PR #94 review found that the original wave-1 grep was scoped wrong and
many leaks survived. This commit closes wave 1 properly AND folds in all
wave-2 anonymization in a single pass — easier to review than two PRs.

Wave-1 review-fix corrections:
- Caddyfile: scripts/grpn/agnes-tls-rotate.sh → scripts/ops/ (the original
  wave-1 grep filter excluded extensionless files like Caddyfile).
- CHANGELOG bullet rewritten — original wording implied an in-repo migration
  for infra/modules/customer-instance/, which is wrong (the TF module embeds
  the script inline via heredoc, never sourced from scripts/grpn/). Now
  flags downstream consumer infra repos only.
- infra/modules/customer-instance/variables.tf: Czech docstring with `grpn`
  example → English description with `acme, example` placeholders.

Wave-2 anonymization:
- Code docstrings (connectors/openmetadata/{client,transformer,enricher}.py,
  src/catalog_export.py, scripts/duckdb_manager.py): prj-grp-… →
  my-bq-project / prj-example-1234, AIAgent.FoundryAI → AIAgent.MyAgent,
  FoundryAIDataModel → AnalyticsDataModel.
- Test fixtures (4 files): same set of replacements — 157 tests still pass.
- .github/workflows/keboola-deploy.yml: "Groupon-side dev VMs" comment →
  generic "per-developer dev VMs".
- docs/auth-groups.md + scripts/debug/probe_google_groups.py:
  kids-ai-data-analysis project name → acme-internal-prod placeholder.
- 5 planning/spec docs under docs/superpowers/{plans,specs}/2026-04-21-*:
  hardcoded IPs (34.77.94.14, 34.77.102.61) → <dev-vm-ip>/<prod-vm-ip>;
  GRPN/Groupon → Acme/another-customer; prj-grp-… → prj-example-….
- scripts/switch-dev-vm.sh deleted — hackathon-era helper hardcoded to a
  specific shared dev VM. Per-developer dev VMs are the supported pattern.

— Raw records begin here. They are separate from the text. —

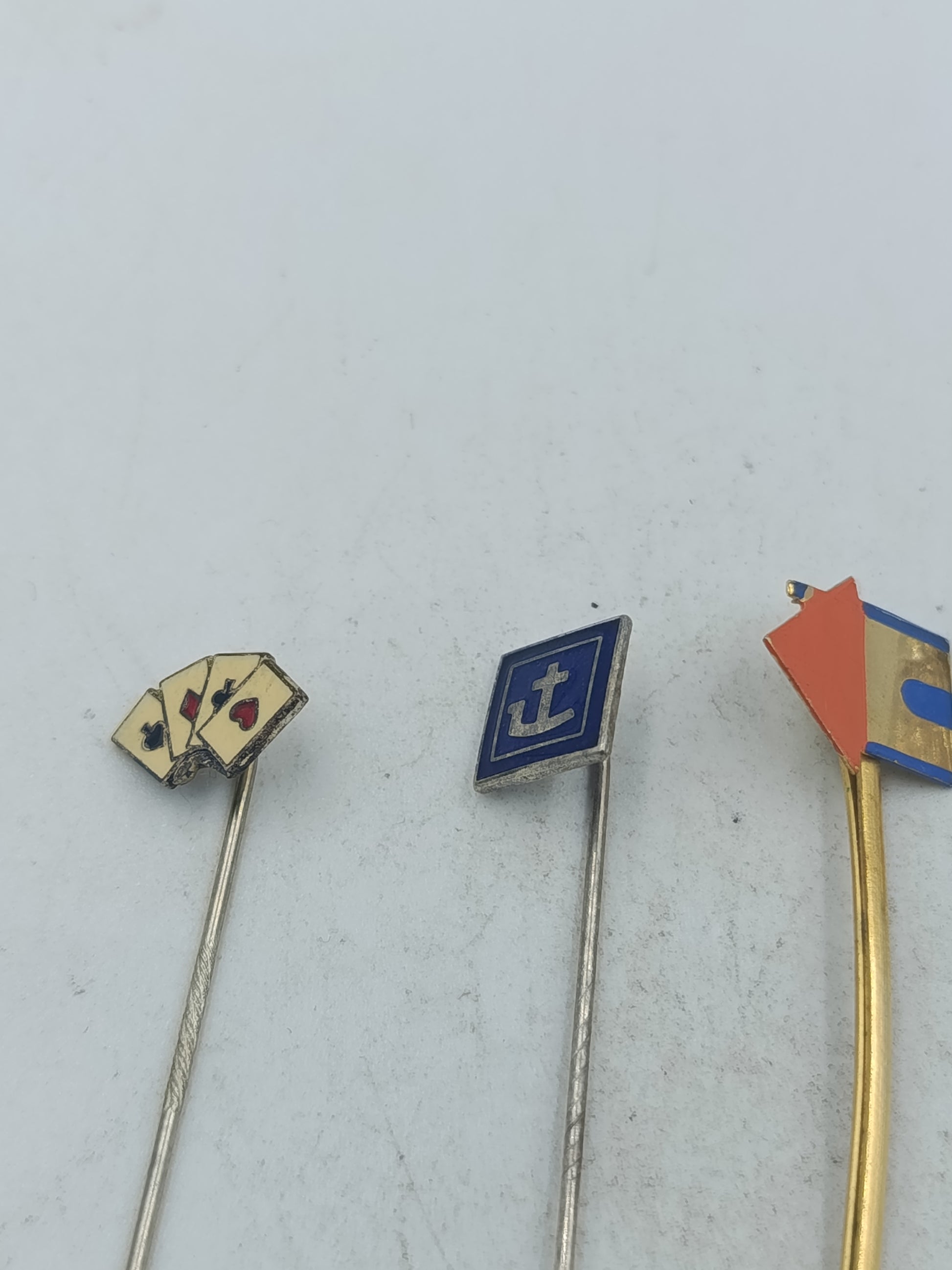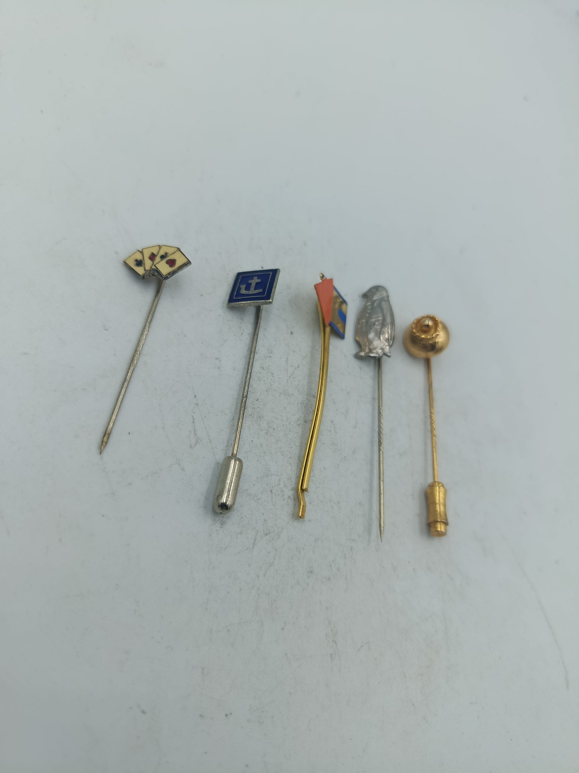 Vintage Set aus fünf Anstecknadeln mit unterschiedlichen Motiven und Metalloberflächen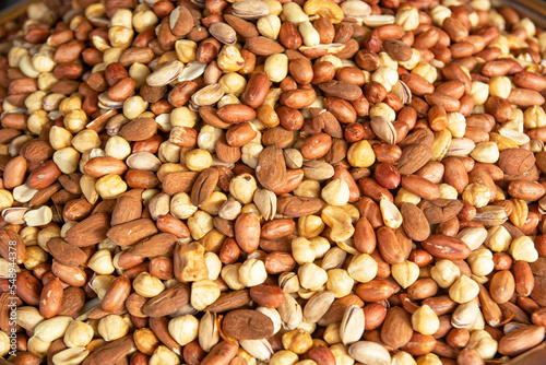Background texture of assorted mixed nuts including cashew nuts,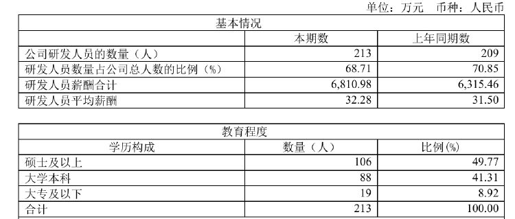 半年报显示,慧智微今年上半年研发人员的数量为213人,占公司总人数的68.71%,学历为大学本科及以上占比超九成,薪酬合计6810.98万元。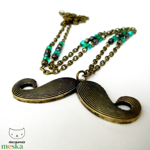 Bajusz - Hosszú bronzszínű nyaklánc bajusz medállal csiszolt gyöngyökkel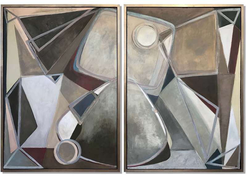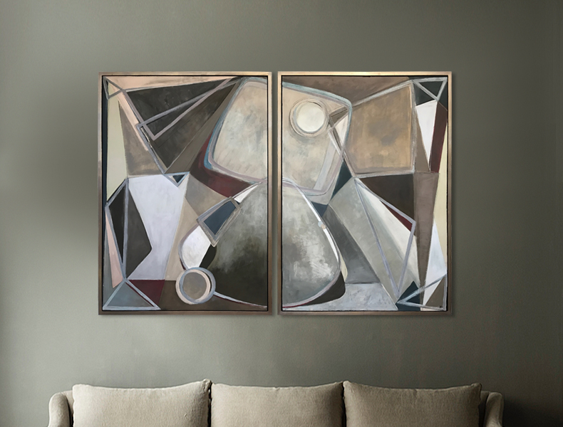 ‘Cashmere Diptych’ Gouache & Acrylic on Board in Gold Leaf and Bronze Finish Shadow Gap Tray Frame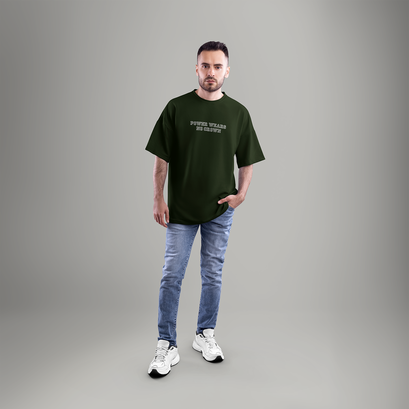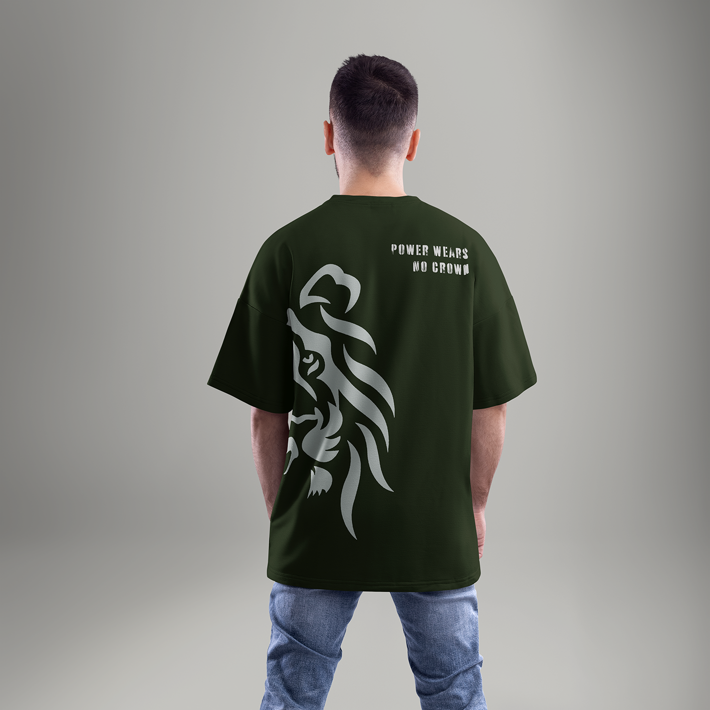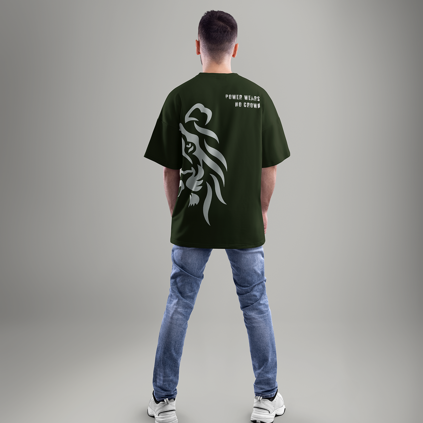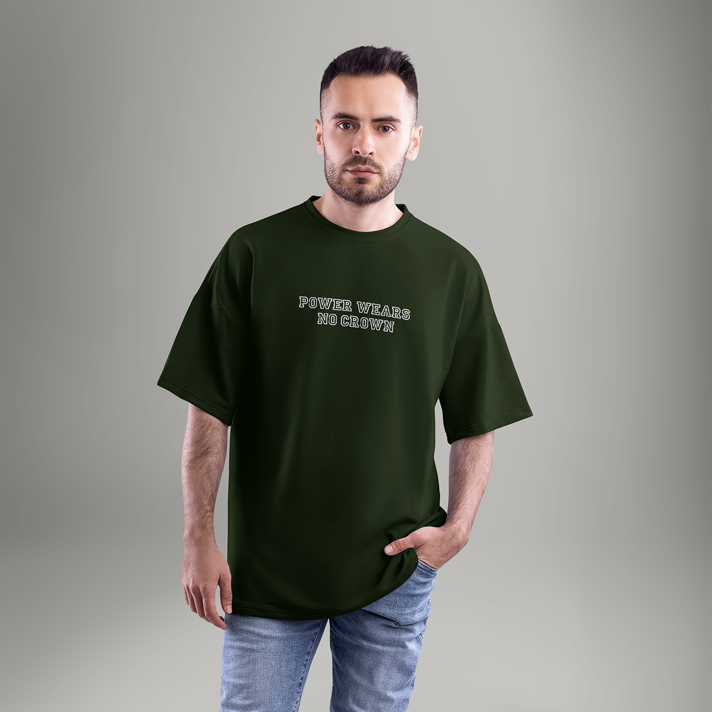 Power Wears No Crown Printed Men’s Oversized Green T-shirt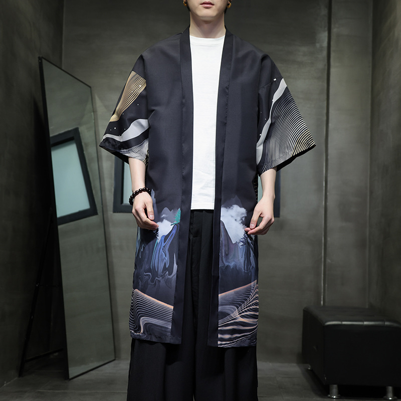 2025春夏の民族風文芸ファッション中国風メンズカーディガン日焼け止め服日系大コード道長服コート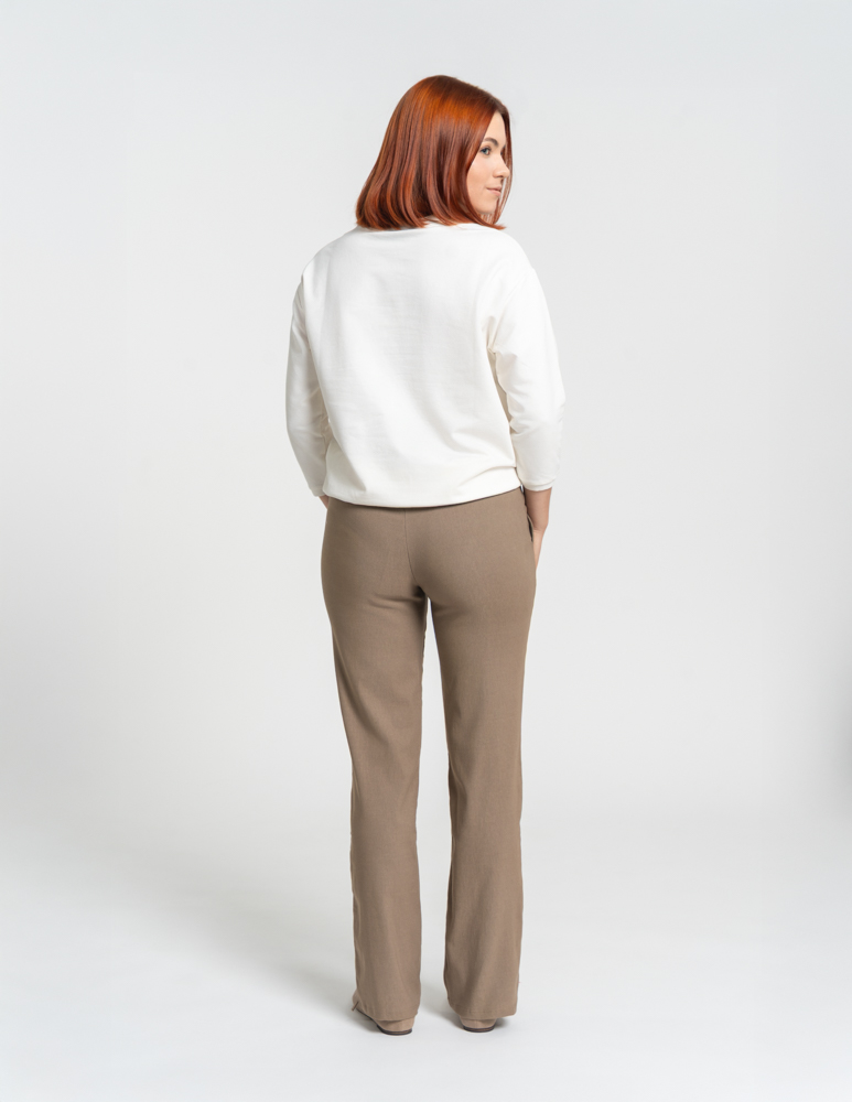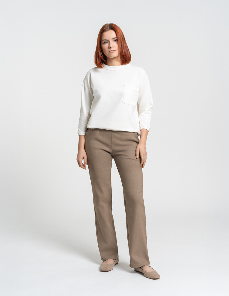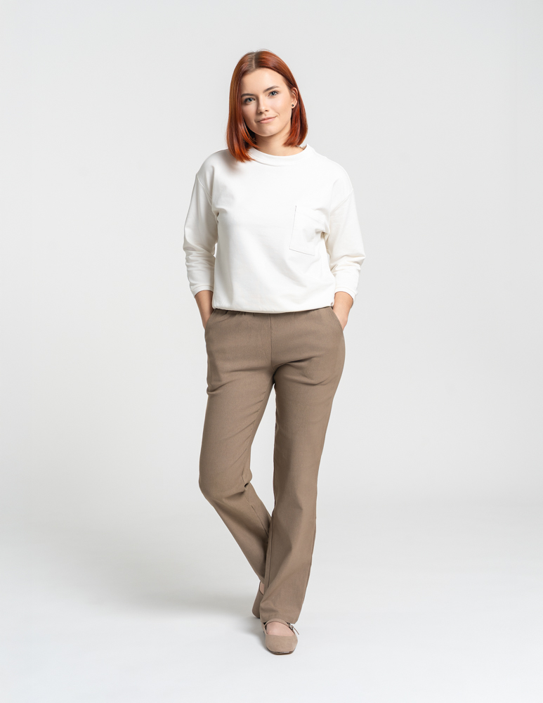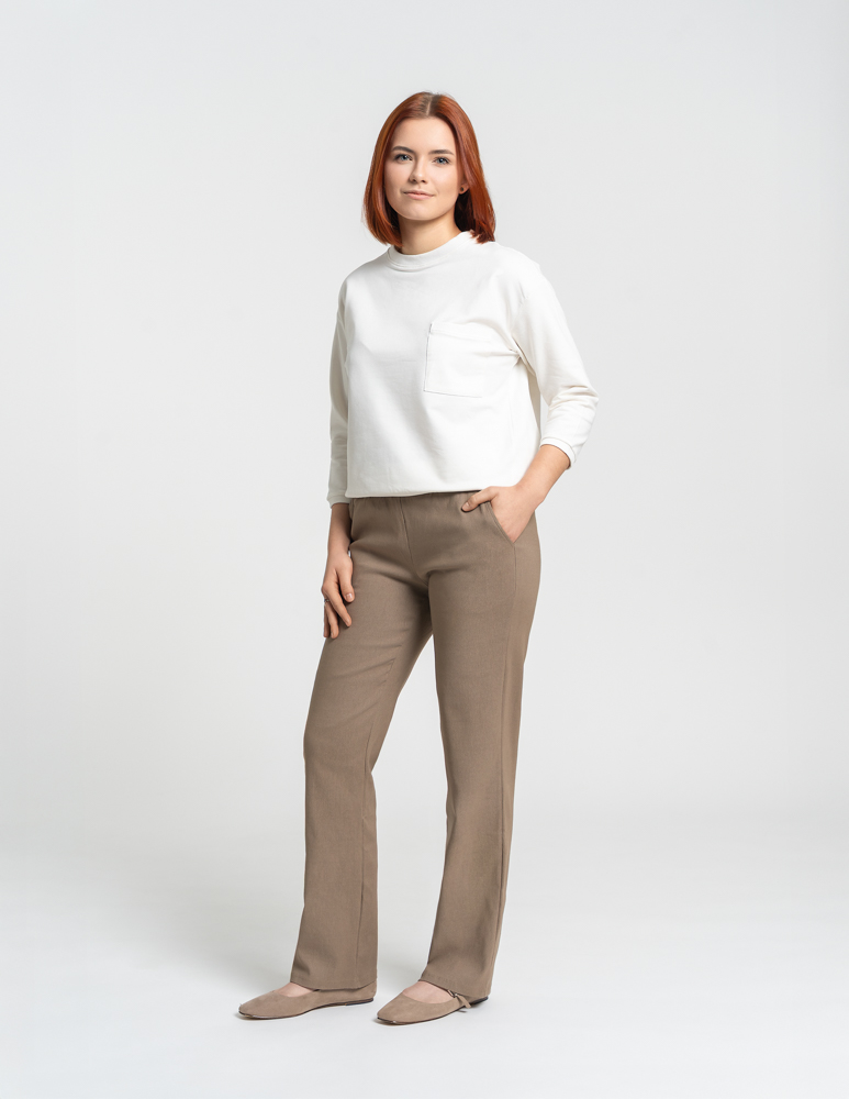 • Krój: Proste nogawki oraz luźniejsza góra tworzą klasyczną, uniwersalną sylwetkę.

Final grep `groupon|grpn|foundryai|prj-grp|groupondev|34\.77\.(94|102)\.…|kids-ai-data`
returns zero hits (excluding CHANGELOG.md historical entries).

CHANGELOG entry expanded to document both waves under one bullet, with
the BREAKING (ops) clarification about the TF module being unaffected.

Refs review of #94, closes #88.

* fix(oss): close remaining #94 review-2 findings (Czech, padak refs, CHANGELOG)

Reviewer of PR #94 round 2 caught 4 remaining items the wave-2 pass missed:

1. infra/modules/customer-instance/variables.tf had Czech descriptions on
   8 more variables. Previous review only flagged line 19; this round
   audited the rest. Translated lines 2, 28, 42-46 (heredoc), 60, 65, 71,
   78, 84 to English. Same review concern: a Terraform module that is
   the customer-facing API surface in Czech is unfit for OSS distribution.

2. infra/modules/customer-instance/outputs.tf had Czech descriptions on
   four outputs. Same fix.

3. docs/padak-security.md referenced a private repo (padak/keboola_agent_cli#206)
   in two places. Replaced with generic 'tracked upstream in the auth-CLI repo'
   per CLAUDE.md vendor-agnostic rule (no cross-refs to private repos).

4. scripts/fetch-env-from-secrets.sh:41 had a Czech comment.
   Translated.

5. CHANGELOG cosmetic: bullet said 'AIAgent.FoundryAI -> AIAgent.MyAgent'
   but the actual code uses both MyAgent (in docstrings) and Example
   (in test fixtures). Reworded to mention both targets.

Final grep across all shipping file types (.md, .py, .yml, .yaml, .sh,
Makefile, .json, .tf, .tpl, Caddyfile, .toml) for groupon|grpn|foundryai|
prj-grp|groupondev|34.77.94.14|34.77.102.61|kids-ai-data|padak/keboola_agent_cli
returns ZERO hits (excluding CHANGELOG.md). Czech-diacritic grep across
.tf/.toml/Caddyfile/Makefile/.yml returns ZERO hits.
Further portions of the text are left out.